Both intimate and unidentifiable.

So I assumed a double part, and cried

And heard another's voice cry: "What! are you here?"

Although we were not. I was still the same,

Knowing myself yet being someone other-

And he a face still forming; yet the words sufficed

To compel the recognition they preceded.

And so, compliant to the common wind,

Too strange to each other for misunderstanding,

In concord at this intersection time

Of meeting nowhere, no before and after,

We trod the pavement in a dead patrol.

I said: "The wonder that I feel is easy,

Yet ease is cause of wonder. Therefore speak:

I may not comprehend, may not remember."

And he: "I am not eager to rehearse

My thoughts and theory which you have forgotten.

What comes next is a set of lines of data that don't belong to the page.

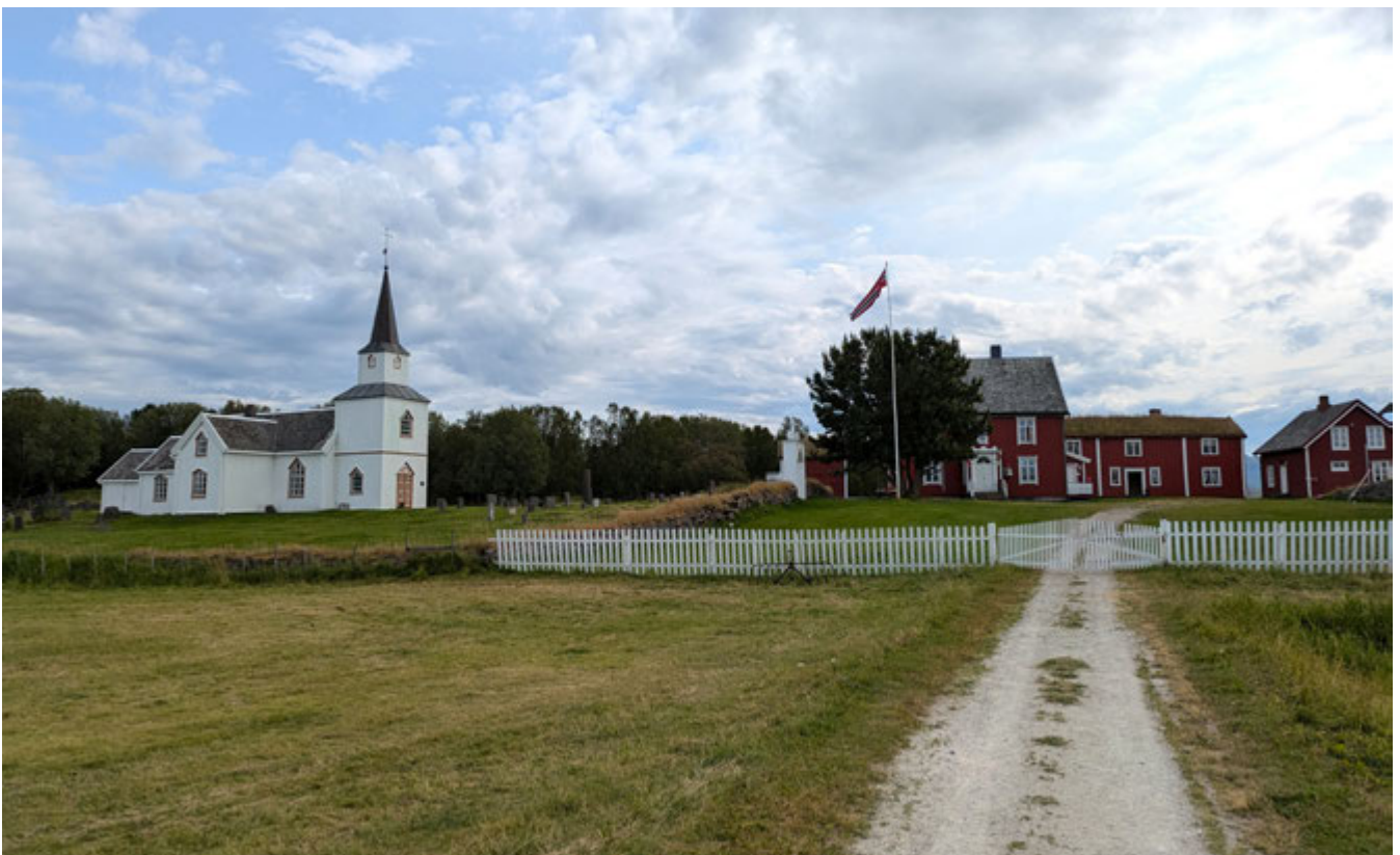
Figur 5. Tranøy kirke og prestegård.
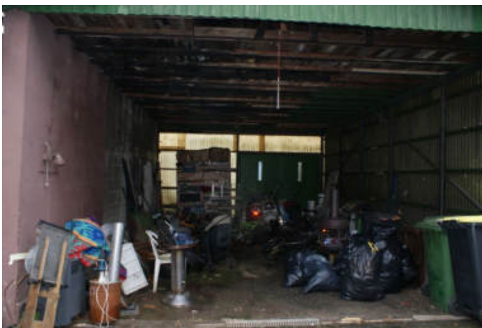
Bild 24 Blick in den Carport
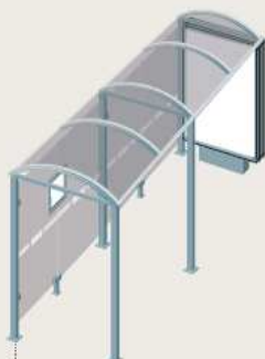
Porquerolles - Longueur 5000 Caisson d'information lumineux sur pied central 529349
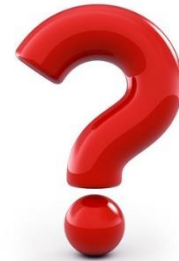
未來有更多其他的可能
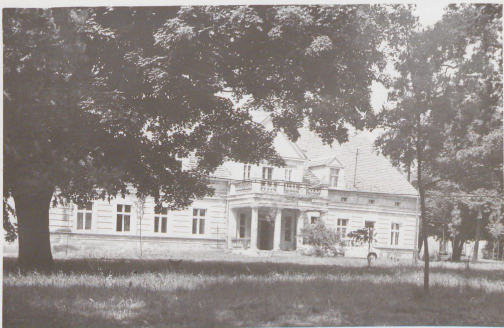
Fragment parku w Czarnotkach z widokiem na pałac.
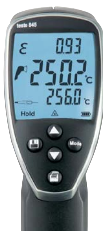
Náhled displeje přístroje při připojení dotykové teplotní sondě: emisivita a aktuální teplota měření infračerveným paprskem a dotykovou sondou
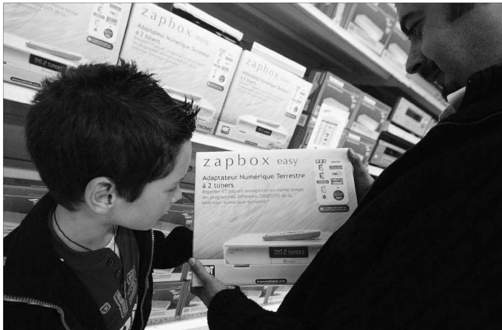
Avant l'achat d'un adaptateur, le téléspectateur doit s'assurer

Une fois les derniers émetteurs installés dans la région ou à proximité, certains téléspectateurs resteront privés d'accès à la TNT. S'ils habitent une zone enclavée, une cuvette, par exemple. Pour ces secteurs, le CSA envisage le déploiement d'un réseau complémentaire. En clair, de petits émetteurs seront implantés sur le territoire pour assurer une meilleure couverture. Mais, d'ici la fin de l'année, le Nord - Pas-de-Calais figurera parmi les régions les mieux couvertes, avec plus de 98 %. Alors que d'autres départements n'atteignent pas encore les 50 %. Nous ne serons donc pas prioritaires. Surtout s'il s'agit de micro-territoires. La seule solution pour le particulier aujourd'hui : s'équiper d'une réception satellite.
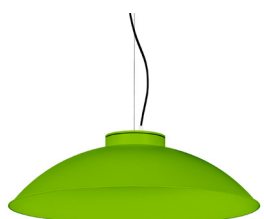
19: RAL 6018 Verde Amarillento texturado
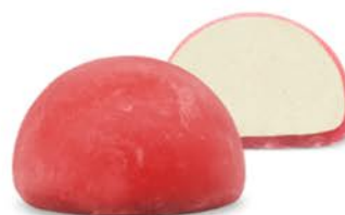
123 Mochi de fresa Alérgeno:1. 3.7.8 2.95€
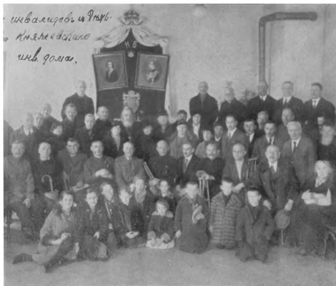
Група инвалидовъ въ Княжево (Болгарія).
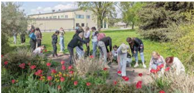
Lastekoor teeb ettevalmistusi seemnete külvamiseks.
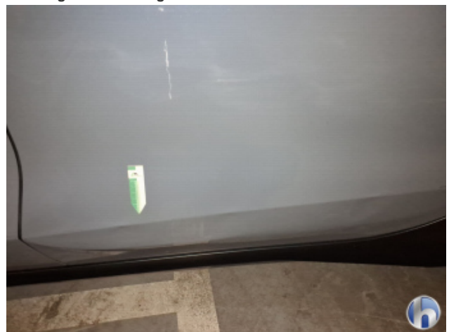
7. Seitenschaden Fahrerseite Unsachgemäß Instandgesetzt - Siehe Kalkulation
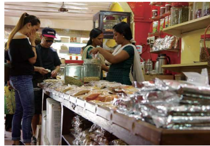
地元の人たちと(イメージ)
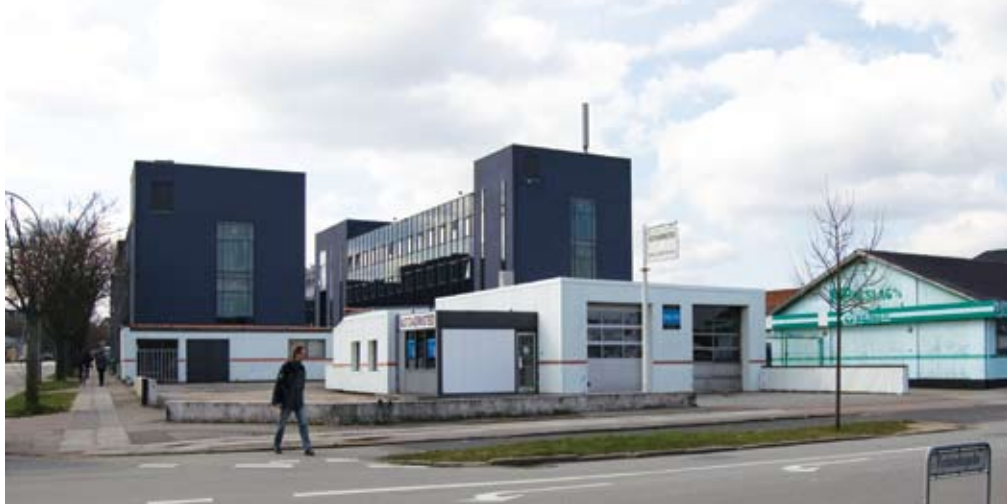
Af Rikke S. Lindhard, Medievidenskab, 6. semester

Der er noget i luften omkring Katrinebjerg for tiden. Er det måske den lune og længeventede fornemmelse af lysets og forårets komme, der både indbefatter den årlige KAPSEJLADS og de lange lyse aftener med grillfester i Botanisk Have? Eller er det den knugende fornemmelse i maven ved tanken om de forestående eksaminer, der rykker nærmere dag for dag, og hvor tanken om overforbruget af koffein og søvnløse nætter indprenter sig på hornhinden?
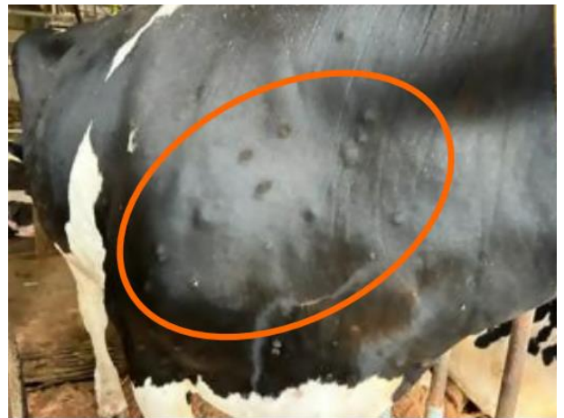
ランピースキン病発症牛 体表の結節
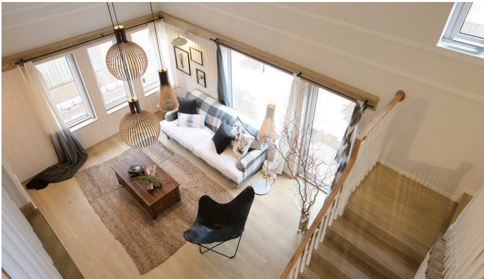
リビング 家族が集う団らんスペースには、過ごしやすい広さや明るさが欠かせません。

ご家族が集うLDKに洋室を隣接させたプランニング。洋室を、お子様が遊ぶスペースとして、ご家族それぞれが使えるスペースとして設けたことで、のびのびと楽しめるリビングまわりの空間となります。
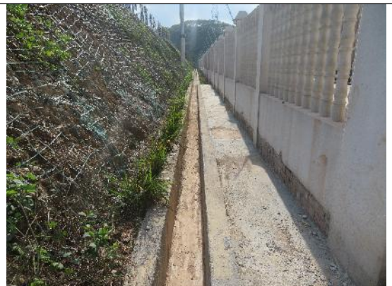
升压站外设置排水沟
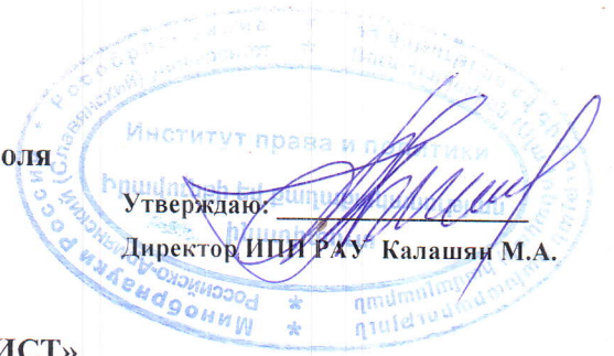
График 2-ого промежуточного контроля
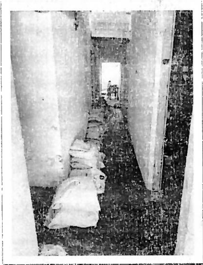
Buzón Shein, Titiribí, Antioquia

Proyecto de ley número 466 de 2025 cámara "Por medio de la cual se modifica el valor para la exención del impuesto sobre las ventas (IVA) a la importación de productos bajo la modalidad de tráfico postal y envíos urgentes, se modifica parcialmente el estatuto tributario y se dictan otras disposiciones."
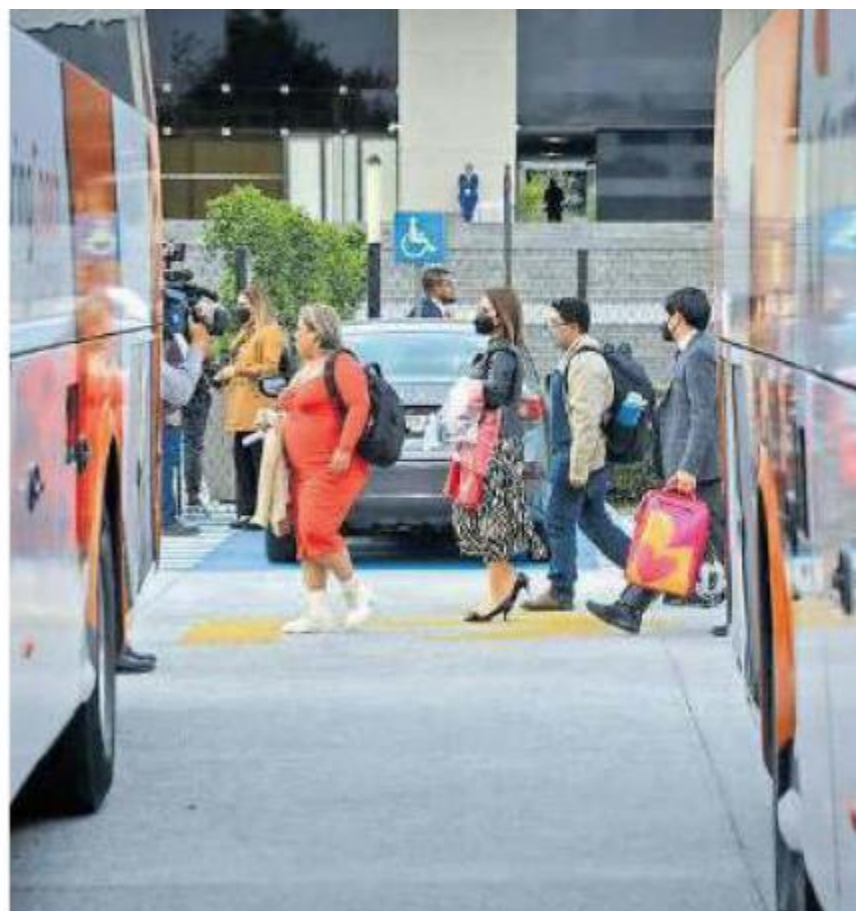
Los llevan en camiones a hoteles cercanos a San Lázaro.
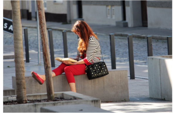
Obr. 3: Vhodně a nevhodně vybraný ilustrační obrázek
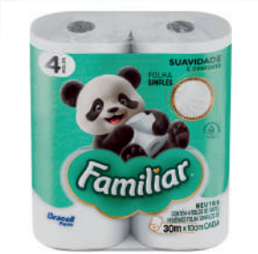
Papel Higiênico Familiar Folha Simples - 30m 4 rolos - FD c/16 P50005 7908782500059
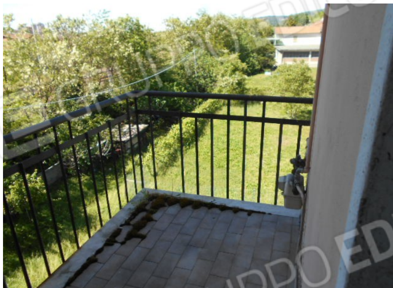
Il balcone rivolto ad ovest, verso la ferrovia
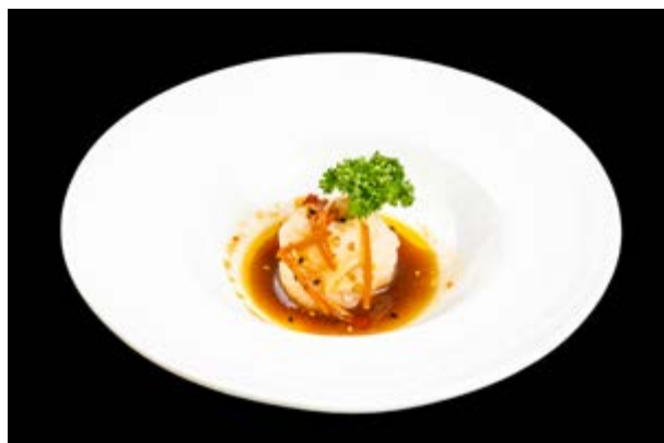
293. Pesce bianco al vapore € 8 ( massimo 1 volta a persona ) (4-6)*
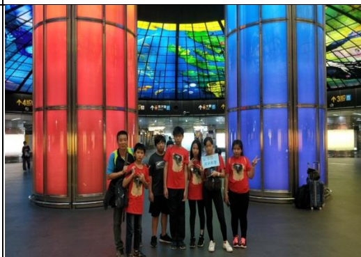
高雄美麗島捷運站—光之穹頂
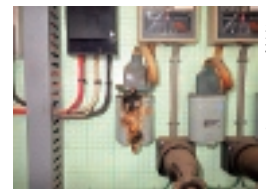
破裂・溶融した低圧進相コンデンサー
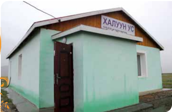
Зураг 14. Жаргалант сумын нийтийн халуун усны газар

Жаргалант сумын бичил уурхайчид болон иргэдийн ариун цэвэр, эрүүл ахуйн нөхцлийг сайжруулах зорилгоор сумын захиргаа, бичил уурхайчдын ТББ ТБУТ-ийн дэмжлэгтэйгээр сумын нийтийн халуун усны газар барьж байгуулав.
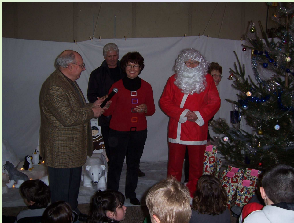
Remise des cadeaux aux enfants

La soirée s'est achevée comme d'habitude autour du goûter apprécié des enfants et du « punch » apprécié des parents.

These things have served their purpose: let them be.

So with your own, and pray they be forgiven

By others, as I pray you to forgive

Both bad and good. Last season's fruit is eaten

And the fullfed beast shall kick the empty pail.

For last year's words belong to last year's language

And next year's words await another voice.

But, as the passage now presents no hindrance

To the spirit unappeased and peregrine

Between two worlds become much like each other,

So I find words I never thought to speak

In streets I never thought I should revisit

When I left my body on a distant shore.

Since our concern was speech, and speech impelled us

To purify the dialect of the tribe

And urge the mind to aftersight and foresight,

Let me disclose the gifts reserved for age

To set a crown upon your lifetime's effort.

First, the cold fricton of expiring sense

Without enchantment, offering no promise

But bitter tastelessness of shadow fruit

As body and sould begin to fall asunder.

Second, the conscious impotence of rage

At human folly, and the laceration

Of laughter at what ceases to amuse.

And last, the rending pain of re-enactment

Of all that you have done, and been; the shame

Of things ill done and done to others' harm

Which once you took for exercise of virtue.

Then fools' approval stings, and honour stains.

From wrong to wrong the exasperated spirit

Proceeds, unless restored by that refining fire

Where you must move in measure, like a dancer."

The day was breaking. In the disfigured street

He left me, with a kind of valediction,

And faded on the blowing of the horn.